After reading ‘Mouse Bird Snake Wolf’, read the big ideas below. Talk to your partner about which of these big ideas is the most important in the story and why. Share with your partner what these ideas mean to you. Have you ever created something you were proud of? Have you ever done something you regret?

You can never undo a mistake


Children are imaginative and resourceful The world is a scary, dangerous place
Humans are more important than animals You should always try and improve the world around you and make it better Don’t be lazy and arrogant

Vocabulary Journal

Identify a set of target words for teaching. Suggestions are given below, but choose those most appropriate for your class or group.

Ask the children to read through the list of words with their partner. Find each of the words or phrases in Mouse, Bird, Snake, Wolf. Write down the sentence in the story in which each word appears.

Discuss in pairs what they think each word means.

Share their ideas, directing attention to where they may have heard or seen the words before.

Next, they use a dictionary to check ideas, then write down a definition. Use more than one dictionary to check for nuances of meaning

Reread the text and decide which meanings make the best sense to the story. Finally ask them to write their own sentence

 Best printed in landscape. 


New word




Sentence in story



What I think it means


Looks like or sounds like



Dictionary definitions



My own sentence



tender (page 4)


fondness (page 5)
trembled (page 26)

stirred (page 51)



Each child in the story invents something new.

What would you create and why?

Either create a comic strip in the style of the book to show the formation of your animal or paint a picture of your new animal. You could write a non-chronological report on your new creature and how to look after it.

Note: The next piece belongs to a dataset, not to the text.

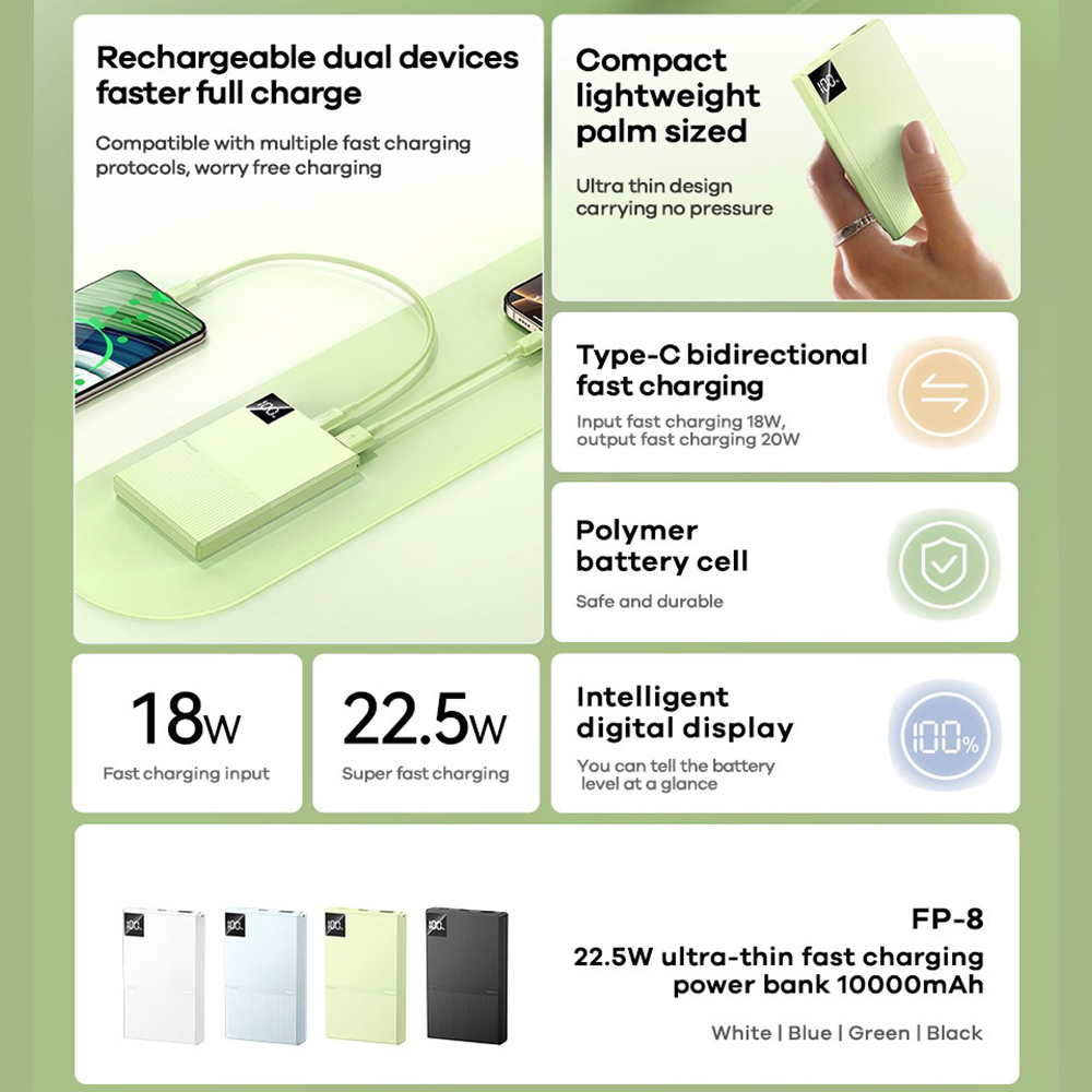 * Type-C dvosmerno brzo punjenje, ulaz 18W za brzo punjenje, izlaz 22.5W za superbrzo punjenje, kompatibilan sa PD20W brzim punjenjem; USB izlaz za superbrzo punjenje 22.5W;
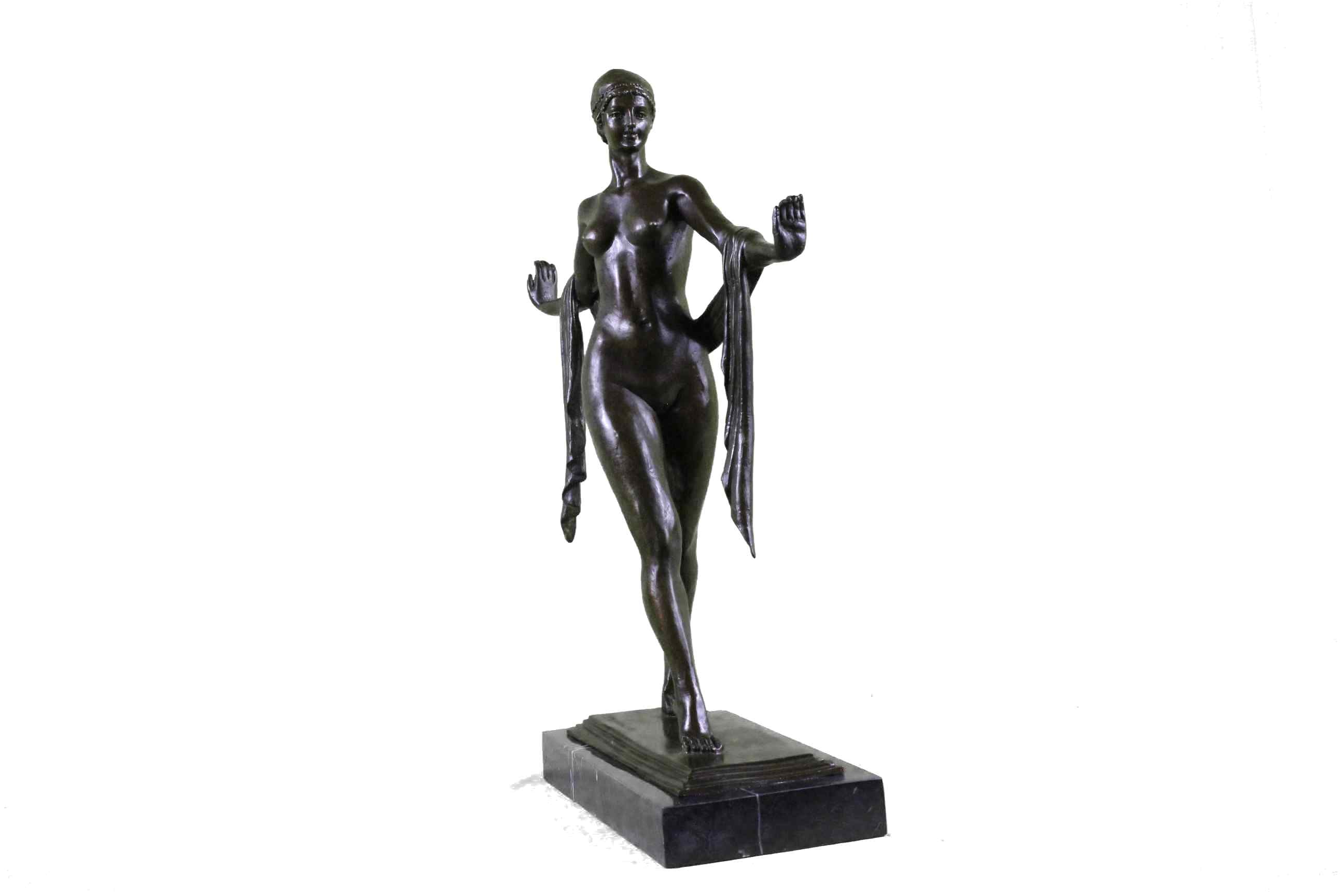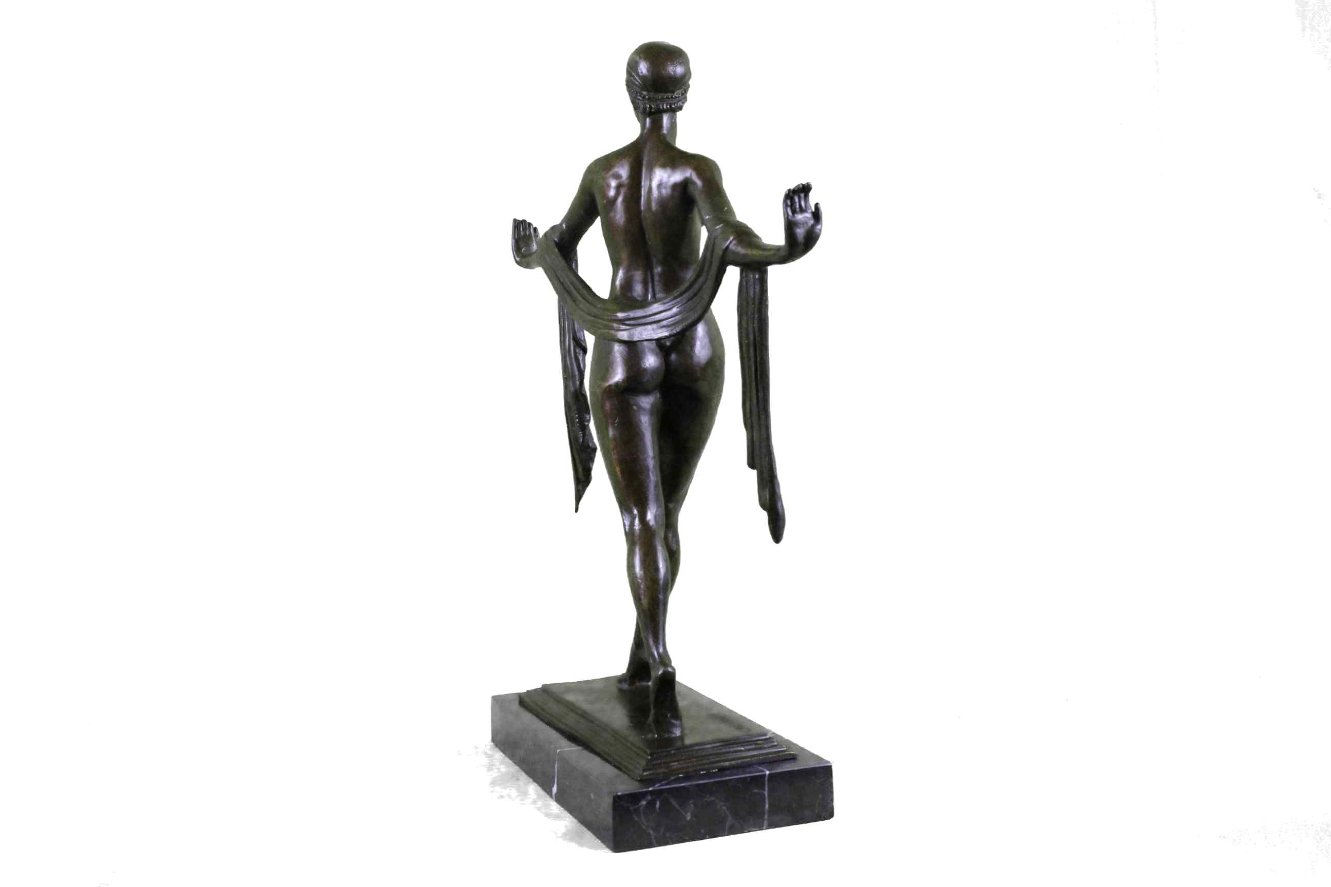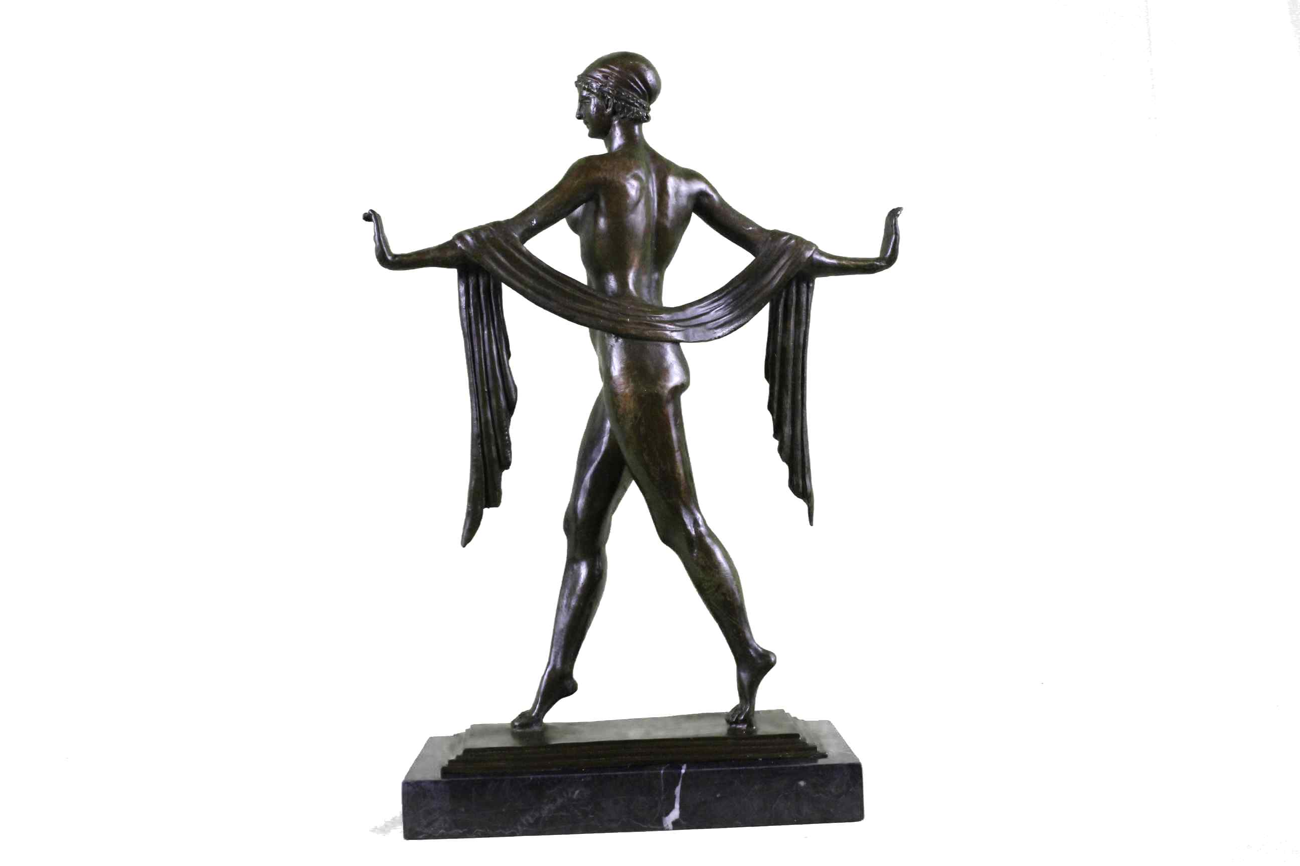 Born in Stuttgart, Germany, on December 20, 1890, Carl Paul Jennewein, came to the United States in 1907 and studied at the Art Students League in New York from 1908 to 1911. He returned to Europe and received the Prix de Rome in 1916. During four years of advanced study he produced a number of distinguished works including Cupid and Crane in 1925 as a companion piece to Cupid and Gazelle to celebrate the birth of his third child, Alessandro. Jennewein returned to the USA and executed an important sculptural commission, a polychromed terracotta in the Hellenistic style, for the west wing of the Philadelphia Museum of Art. While designing that work on a trip to Rome, Jennewein created the Art Deco classic you see here, The Greek Dance. In order to secure commissions, Jennewein necessarily applied traditional styles for his larger works, but he was strongly influenced by Modernist styles for his smaller works. One of his designs defiesBronze Dimensions with Marble Base:Height 16" x Width 12"

This story provides an excellent basis for dramatic improvisation and theatre. Can you create a piece to perform to an audience, including:

  • mime and movement
  • freeze frames
  • -music and sound effects
  • words and phrases taken from the story

Creation stories

Compare a variety of creation stories from different cultures, in each one consider:

  • Who made the earth and animals? Why?
  • How long did it take?
  • Are there any important symbols in the story?
  • What is the purpose of the story?

You may wish to explore the aboriginal story of Dreamtime, the Ancient Egyptian creation myth and the Christian, Hindu and Muslim creation stories.

What are the similarities and differences between the stories of creation in different religions and cultures?